The problem: When you reach the line containing "До дикарбоновых кислот можно" in the data below, begin returning lines exactly as written, and stop once the line containing "建议今年要躺平的先别躺了,战" has been returned.

Records contained in a dataset:
%%
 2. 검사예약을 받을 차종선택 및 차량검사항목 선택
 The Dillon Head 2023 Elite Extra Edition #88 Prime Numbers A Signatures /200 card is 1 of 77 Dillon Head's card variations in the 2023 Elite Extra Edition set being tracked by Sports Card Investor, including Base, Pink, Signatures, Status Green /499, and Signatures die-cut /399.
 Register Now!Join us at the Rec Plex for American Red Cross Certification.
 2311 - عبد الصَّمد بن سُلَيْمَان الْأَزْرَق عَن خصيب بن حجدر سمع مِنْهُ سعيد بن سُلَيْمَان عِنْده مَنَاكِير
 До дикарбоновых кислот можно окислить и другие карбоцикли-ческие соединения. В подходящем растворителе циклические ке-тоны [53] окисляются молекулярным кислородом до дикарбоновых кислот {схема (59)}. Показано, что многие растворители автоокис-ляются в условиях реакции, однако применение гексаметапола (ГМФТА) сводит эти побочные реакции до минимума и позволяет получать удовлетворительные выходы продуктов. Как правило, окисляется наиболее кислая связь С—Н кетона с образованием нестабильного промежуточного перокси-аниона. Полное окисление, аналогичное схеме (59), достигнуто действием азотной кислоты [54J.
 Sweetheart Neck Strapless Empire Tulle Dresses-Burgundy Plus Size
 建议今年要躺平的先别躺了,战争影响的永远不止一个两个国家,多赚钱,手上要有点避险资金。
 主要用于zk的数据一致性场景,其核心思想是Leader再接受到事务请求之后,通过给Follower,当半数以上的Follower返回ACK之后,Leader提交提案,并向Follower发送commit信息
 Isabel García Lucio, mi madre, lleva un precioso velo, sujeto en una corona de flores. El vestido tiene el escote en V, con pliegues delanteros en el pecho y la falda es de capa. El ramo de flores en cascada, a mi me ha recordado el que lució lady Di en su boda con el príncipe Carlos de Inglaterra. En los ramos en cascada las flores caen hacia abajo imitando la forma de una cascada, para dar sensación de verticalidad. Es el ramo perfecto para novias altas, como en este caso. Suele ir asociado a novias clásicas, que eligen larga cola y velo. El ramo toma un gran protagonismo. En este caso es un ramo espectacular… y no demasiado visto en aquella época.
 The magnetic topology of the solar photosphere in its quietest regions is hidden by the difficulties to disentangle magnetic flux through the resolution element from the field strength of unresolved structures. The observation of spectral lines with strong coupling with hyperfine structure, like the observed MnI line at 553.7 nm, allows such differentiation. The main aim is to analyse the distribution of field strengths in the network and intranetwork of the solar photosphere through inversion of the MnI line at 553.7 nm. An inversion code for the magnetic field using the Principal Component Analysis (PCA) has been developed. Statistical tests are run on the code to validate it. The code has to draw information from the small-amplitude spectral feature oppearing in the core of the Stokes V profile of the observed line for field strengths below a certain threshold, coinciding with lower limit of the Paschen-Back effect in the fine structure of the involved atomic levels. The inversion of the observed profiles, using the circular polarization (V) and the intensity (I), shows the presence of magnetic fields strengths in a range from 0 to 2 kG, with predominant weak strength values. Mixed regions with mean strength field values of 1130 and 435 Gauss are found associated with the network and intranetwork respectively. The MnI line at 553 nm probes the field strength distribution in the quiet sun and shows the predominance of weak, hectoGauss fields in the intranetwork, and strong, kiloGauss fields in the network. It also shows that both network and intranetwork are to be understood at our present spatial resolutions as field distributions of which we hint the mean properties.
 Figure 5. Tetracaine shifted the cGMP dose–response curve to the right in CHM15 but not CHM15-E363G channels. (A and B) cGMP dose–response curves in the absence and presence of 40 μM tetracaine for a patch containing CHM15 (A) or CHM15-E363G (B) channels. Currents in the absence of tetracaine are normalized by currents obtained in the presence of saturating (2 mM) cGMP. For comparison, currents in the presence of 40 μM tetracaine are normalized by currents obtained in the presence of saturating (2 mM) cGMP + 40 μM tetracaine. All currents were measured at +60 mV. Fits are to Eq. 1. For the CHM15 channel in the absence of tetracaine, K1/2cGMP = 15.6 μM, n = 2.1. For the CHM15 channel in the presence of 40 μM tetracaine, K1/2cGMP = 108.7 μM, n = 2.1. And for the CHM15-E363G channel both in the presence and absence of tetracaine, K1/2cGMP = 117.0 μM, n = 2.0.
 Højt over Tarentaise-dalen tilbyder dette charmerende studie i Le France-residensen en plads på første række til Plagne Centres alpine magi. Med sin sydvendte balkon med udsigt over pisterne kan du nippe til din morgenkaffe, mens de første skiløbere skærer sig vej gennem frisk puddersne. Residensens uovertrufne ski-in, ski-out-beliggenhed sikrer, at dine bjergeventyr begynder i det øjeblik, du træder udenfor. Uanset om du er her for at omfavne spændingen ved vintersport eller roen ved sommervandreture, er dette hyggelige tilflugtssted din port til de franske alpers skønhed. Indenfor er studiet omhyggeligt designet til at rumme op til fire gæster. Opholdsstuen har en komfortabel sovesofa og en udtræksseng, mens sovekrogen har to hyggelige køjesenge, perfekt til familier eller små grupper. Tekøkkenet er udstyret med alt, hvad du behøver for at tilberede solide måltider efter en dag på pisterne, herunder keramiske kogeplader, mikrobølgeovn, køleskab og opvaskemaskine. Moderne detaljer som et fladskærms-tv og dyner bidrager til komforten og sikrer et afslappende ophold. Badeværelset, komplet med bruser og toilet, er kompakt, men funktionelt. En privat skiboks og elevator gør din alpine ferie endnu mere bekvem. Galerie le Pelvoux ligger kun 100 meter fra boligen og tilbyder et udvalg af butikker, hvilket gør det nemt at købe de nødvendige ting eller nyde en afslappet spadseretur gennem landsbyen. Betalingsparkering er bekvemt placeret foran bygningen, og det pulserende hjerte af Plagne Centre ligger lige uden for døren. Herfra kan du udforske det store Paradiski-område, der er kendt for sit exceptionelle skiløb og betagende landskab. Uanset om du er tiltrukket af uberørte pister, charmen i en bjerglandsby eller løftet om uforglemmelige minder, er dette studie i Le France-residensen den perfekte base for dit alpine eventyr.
%%
Output:
 До дикарбоновых кислот можно окислить и другие карбоцикли-ческие соединения. В подходящем растворителе циклические ке-тоны [53] окисляются молекулярным кислородом до дикарбоновых кислот {схема (59)}. Показано, что многие растворители автоокис-ляются в условиях реакции, однако применение гексаметапола (ГМФТА) сводит эти побочные реакции до минимума и позволяет получать удовлетворительные выходы продуктов. Как правило, окисляется наиболее кислая связь С—Н кетона с образованием нестабильного промежуточного перокси-аниона. Полное окисление, аналогичное схеме (59), достигнуто действием азотной кислоты [54J.
 Sweetheart Neck Strapless Empire Tulle Dresses-Burgundy Plus Size
 建议今年要躺平的先别躺了,战争影响的永远不止一个两个国家,多赚钱,手上要有点避险资金。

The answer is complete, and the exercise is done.